INSTRUCTIONS TO FOLLOW
Would you repeat the data below exactly, taking out the images?

RECORDED INFORMATION
[Start of Attachment]

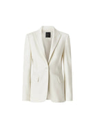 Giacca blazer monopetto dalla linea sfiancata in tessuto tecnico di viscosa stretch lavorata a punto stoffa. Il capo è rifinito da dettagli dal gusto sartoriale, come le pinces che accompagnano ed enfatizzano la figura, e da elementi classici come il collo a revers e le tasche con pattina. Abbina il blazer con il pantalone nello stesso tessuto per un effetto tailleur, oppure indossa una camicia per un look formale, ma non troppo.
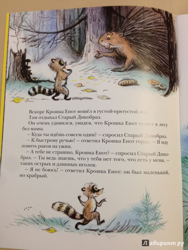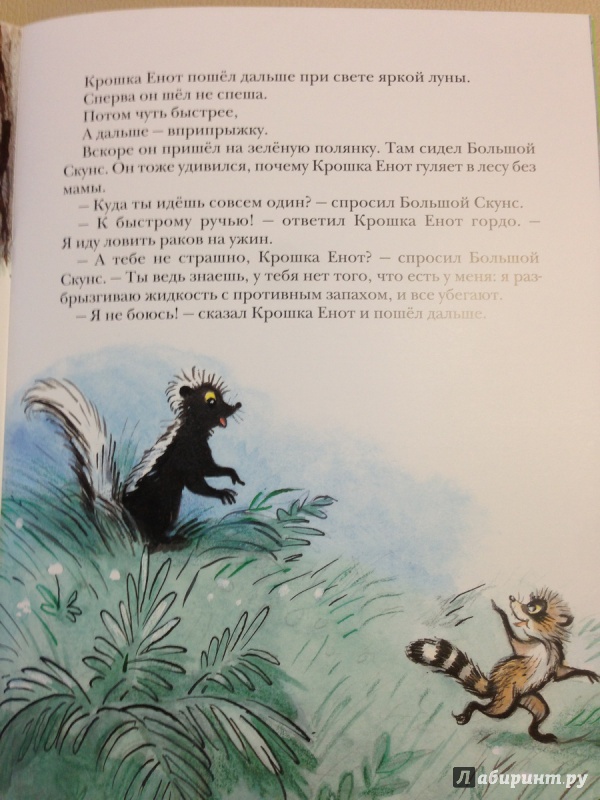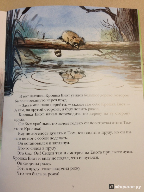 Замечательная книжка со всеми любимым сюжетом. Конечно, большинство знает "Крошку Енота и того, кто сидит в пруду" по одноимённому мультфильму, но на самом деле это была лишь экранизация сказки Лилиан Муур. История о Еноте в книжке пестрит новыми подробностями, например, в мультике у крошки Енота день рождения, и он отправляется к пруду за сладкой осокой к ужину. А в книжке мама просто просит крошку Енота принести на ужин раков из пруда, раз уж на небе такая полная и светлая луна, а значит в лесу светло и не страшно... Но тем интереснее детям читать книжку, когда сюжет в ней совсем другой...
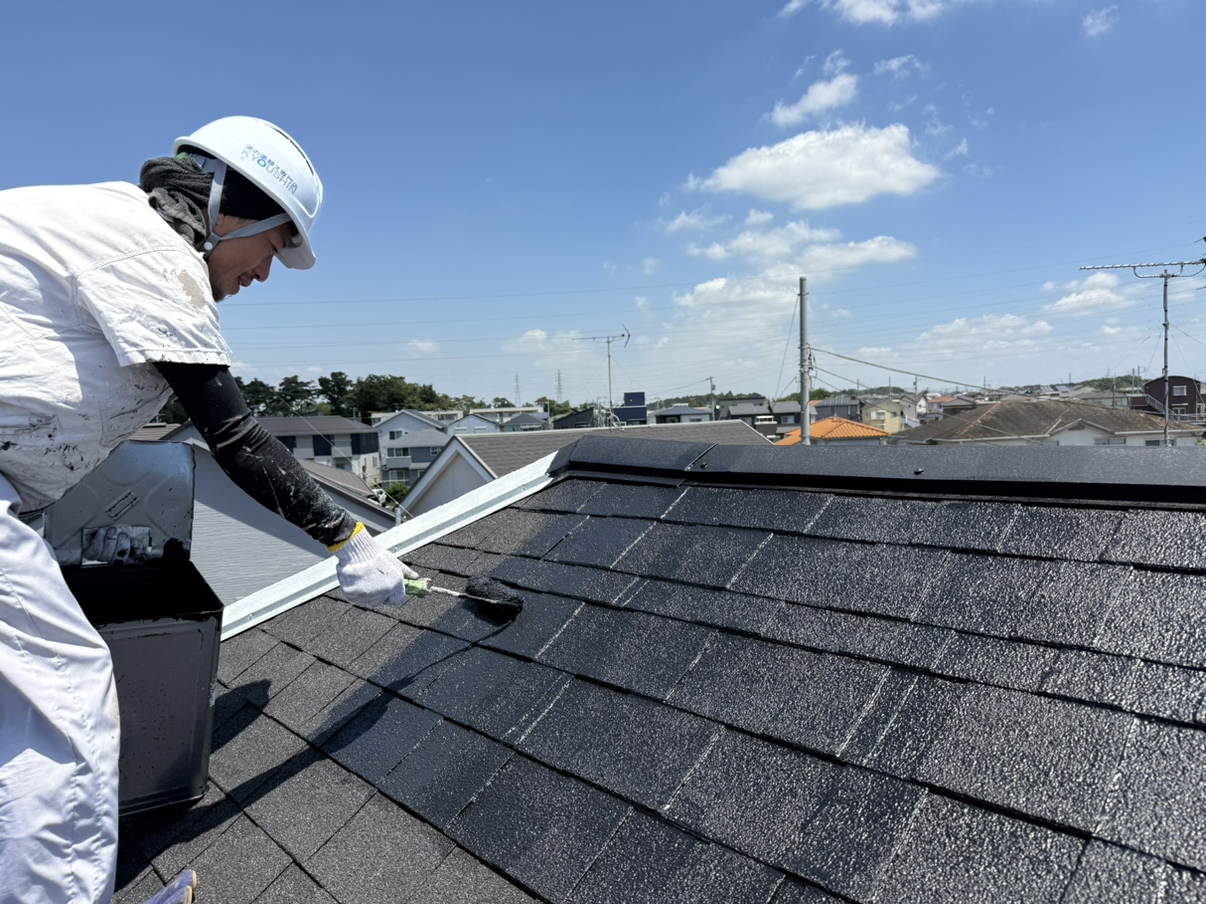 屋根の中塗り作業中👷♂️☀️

[End of Attachment]

SOLUTION TO THE PROBLEM
 Giacca blazer monopetto dalla linea sfiancata in tessuto tecnico di viscosa stretch lavorata a punto stoffa. Il capo è rifinito da dettagli dal gusto sartoriale, come le pinces che accompagnano ed enfatizzano la figura, e da elementi classici come il collo a revers e le tasche con pattina. Abbina il blazer con il pantalone nello stesso tessuto per un effetto tailleur, oppure indossa una camicia per un look formale, ma non troppo.
 Замечательная книжка со всеми любимым сюжетом. Конечно, большинство знает "Крошку Енота и того, кто сидит в пруду" по одноимённому мультфильму, но на самом деле это была лишь экранизация сказки Лилиан Муур. История о Еноте в книжке пестрит новыми подробностями, например, в мультике у крошки Енота день рождения, и он отправляется к пруду за сладкой осокой к ужину. А в книжке мама просто просит крошку Енота принести на ужин раков из пруда, раз уж на небе такая полная и светлая луна, а значит в лесу светло и не страшно... Но тем интереснее детям читать книжку, когда сюжет в ней совсем другой...
 屋根の中塗り作業中👷♂️☀️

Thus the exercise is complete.